Find the line with "Robe très longue" in the entries below, then output every line from it down to the line with "36.22 CARATS CERTIFIED", exactly and with no pictures.

### GIVEN RECORDS
################

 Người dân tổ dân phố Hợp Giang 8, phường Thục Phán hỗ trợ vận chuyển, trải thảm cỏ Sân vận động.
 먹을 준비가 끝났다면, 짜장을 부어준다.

################

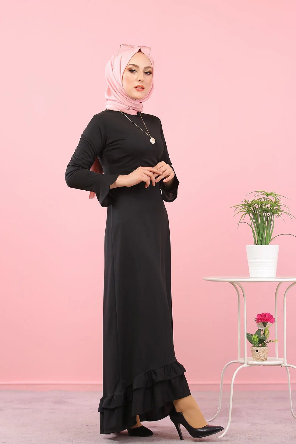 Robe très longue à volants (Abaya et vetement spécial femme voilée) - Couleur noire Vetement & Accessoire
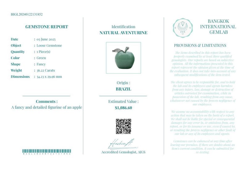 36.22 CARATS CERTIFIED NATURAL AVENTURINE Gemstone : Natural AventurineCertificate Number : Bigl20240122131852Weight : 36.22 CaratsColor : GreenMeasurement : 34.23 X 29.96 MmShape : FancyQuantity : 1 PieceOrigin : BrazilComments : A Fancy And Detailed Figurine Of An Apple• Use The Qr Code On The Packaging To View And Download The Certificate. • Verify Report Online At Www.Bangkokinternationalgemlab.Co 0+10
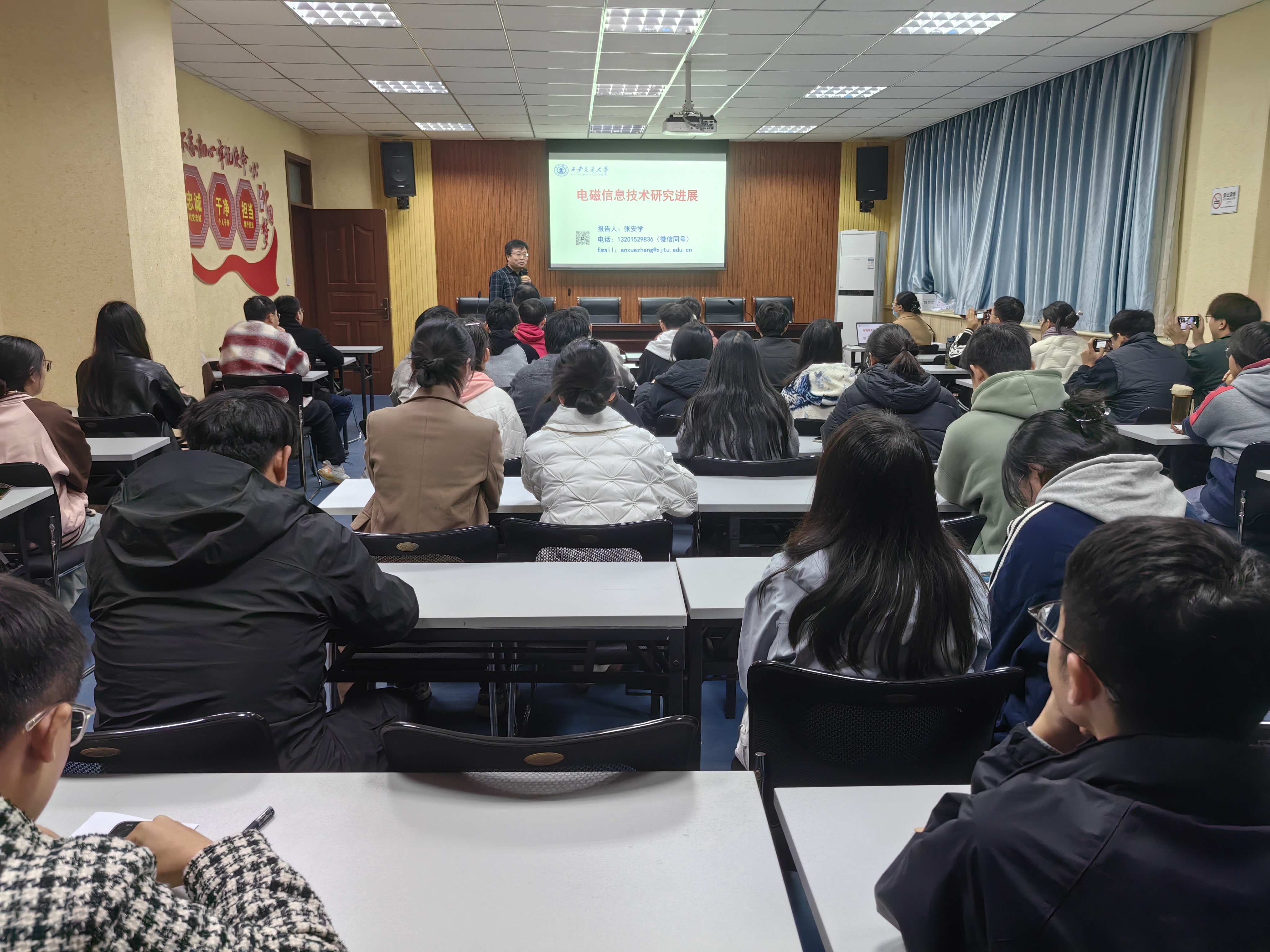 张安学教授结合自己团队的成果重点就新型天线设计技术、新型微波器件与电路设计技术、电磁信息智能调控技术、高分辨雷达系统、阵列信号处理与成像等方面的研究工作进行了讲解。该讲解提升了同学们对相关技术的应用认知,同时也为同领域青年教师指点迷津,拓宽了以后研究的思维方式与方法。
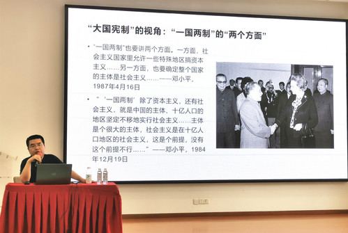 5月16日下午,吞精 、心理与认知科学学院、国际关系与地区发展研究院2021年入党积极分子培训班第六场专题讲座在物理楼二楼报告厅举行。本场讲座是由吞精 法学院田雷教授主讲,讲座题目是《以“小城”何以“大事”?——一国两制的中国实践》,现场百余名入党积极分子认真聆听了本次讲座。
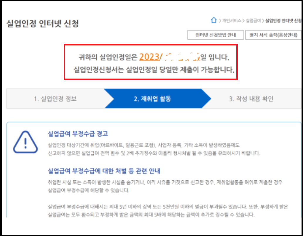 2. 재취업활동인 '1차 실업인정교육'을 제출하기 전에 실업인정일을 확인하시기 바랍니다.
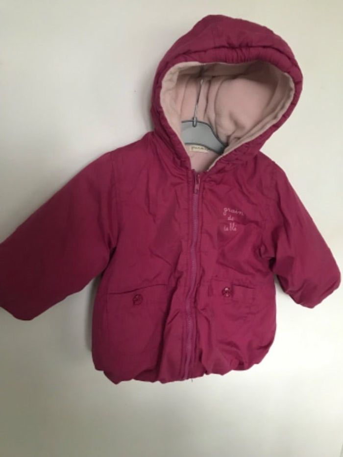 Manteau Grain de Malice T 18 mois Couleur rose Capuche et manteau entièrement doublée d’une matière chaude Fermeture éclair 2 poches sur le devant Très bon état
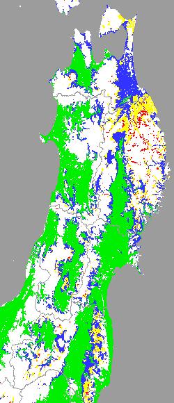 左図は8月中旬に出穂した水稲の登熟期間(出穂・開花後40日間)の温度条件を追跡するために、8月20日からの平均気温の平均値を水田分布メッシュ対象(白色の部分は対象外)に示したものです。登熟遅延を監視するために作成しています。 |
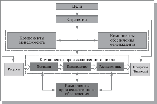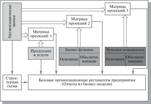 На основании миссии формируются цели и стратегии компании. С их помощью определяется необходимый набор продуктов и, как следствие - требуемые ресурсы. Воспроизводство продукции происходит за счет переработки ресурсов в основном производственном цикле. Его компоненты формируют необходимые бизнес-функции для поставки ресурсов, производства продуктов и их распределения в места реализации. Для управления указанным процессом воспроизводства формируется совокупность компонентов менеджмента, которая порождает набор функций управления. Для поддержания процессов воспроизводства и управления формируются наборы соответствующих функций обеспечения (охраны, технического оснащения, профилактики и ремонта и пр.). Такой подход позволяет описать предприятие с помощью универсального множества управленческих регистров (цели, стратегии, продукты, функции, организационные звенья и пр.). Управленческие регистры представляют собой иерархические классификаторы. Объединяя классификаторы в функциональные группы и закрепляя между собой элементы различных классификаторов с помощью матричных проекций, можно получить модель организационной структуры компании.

################

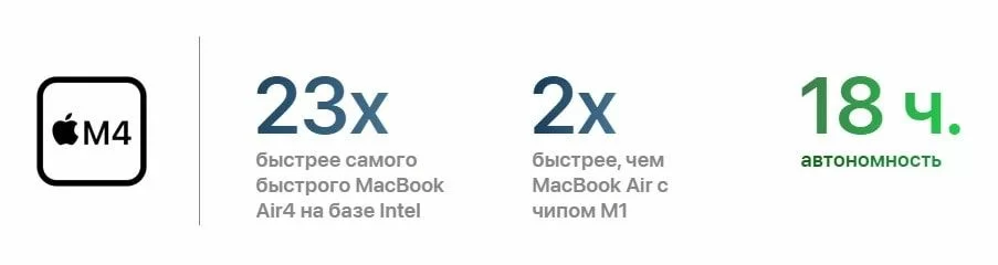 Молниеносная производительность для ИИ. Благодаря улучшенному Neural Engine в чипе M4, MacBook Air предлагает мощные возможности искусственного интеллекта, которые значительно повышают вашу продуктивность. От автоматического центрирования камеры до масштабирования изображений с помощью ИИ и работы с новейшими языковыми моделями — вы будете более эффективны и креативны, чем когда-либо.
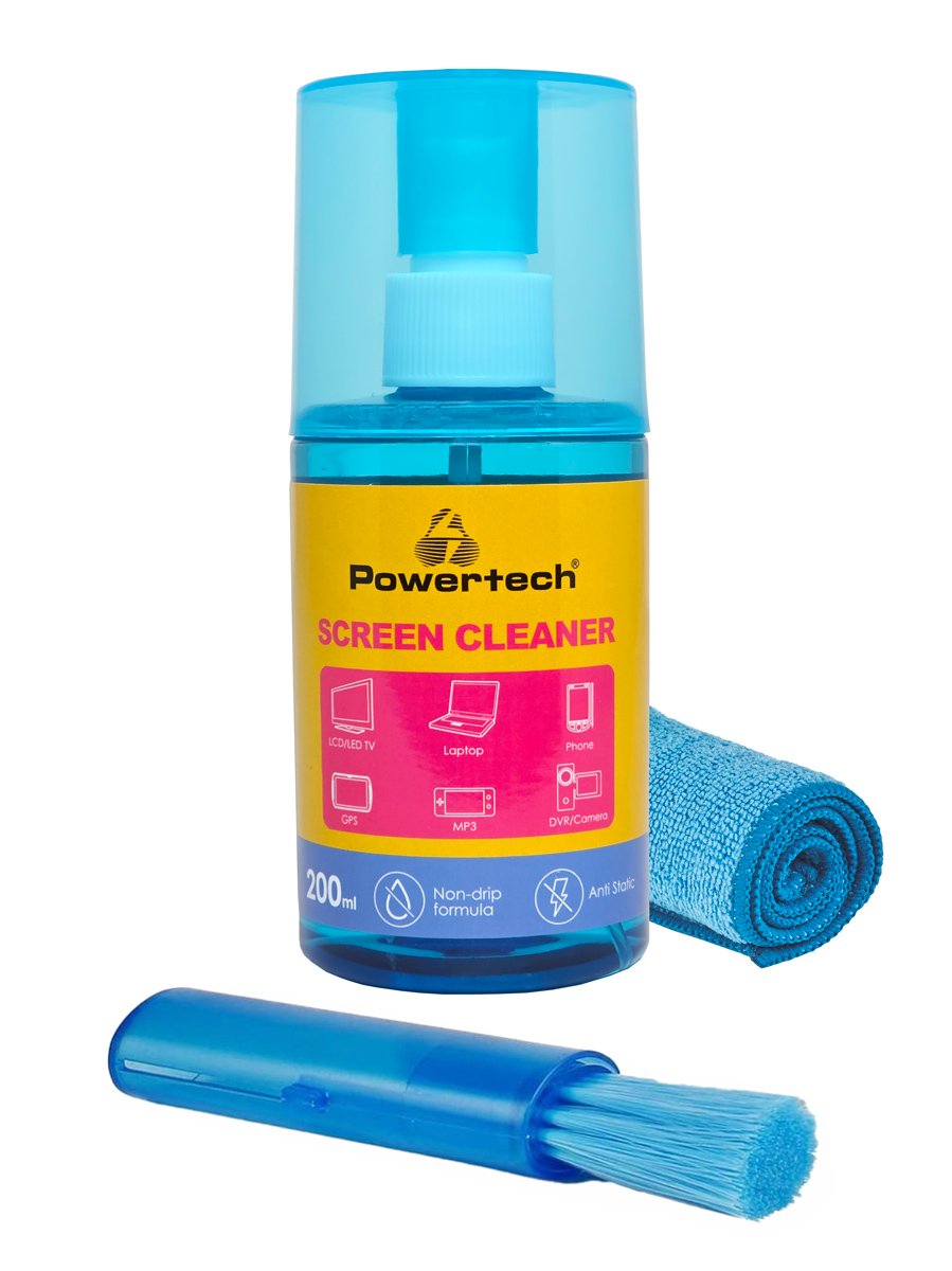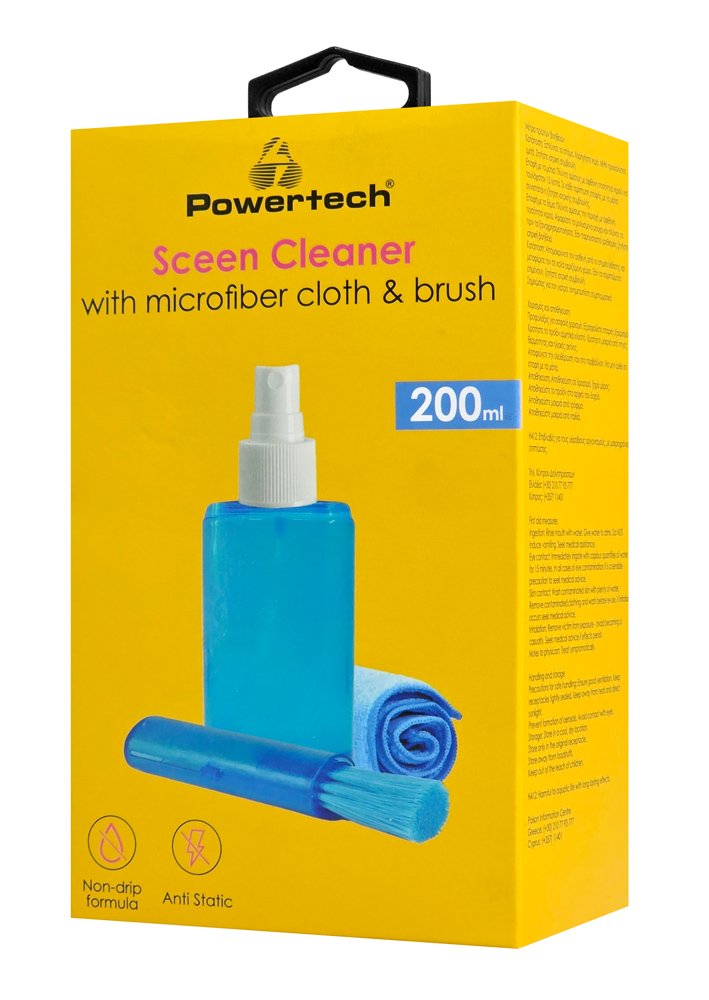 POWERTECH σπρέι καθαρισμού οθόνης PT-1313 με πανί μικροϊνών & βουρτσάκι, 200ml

################

### ANSWER TO THIS EXERCISE
 Robe très longue à volants (Abaya et vetement spécial femme voilée) - Couleur noire Vetement & Accessoire
 36.22 CARATS CERTIFIED NATURAL AVENTURINE Gemstone : Natural AventurineCertificate Number : Bigl20240122131852Weight : 36.22 CaratsColor : GreenMeasurement : 34.23 X 29.96 MmShape : FancyQuantity : 1 PieceOrigin : BrazilComments : A Fancy And Detailed Figurine Of An Apple• Use The Qr Code On The Packaging To View And Download The Certificate. • Verify Report Online At Www.Bangkokinternationalgemlab.Co 0+10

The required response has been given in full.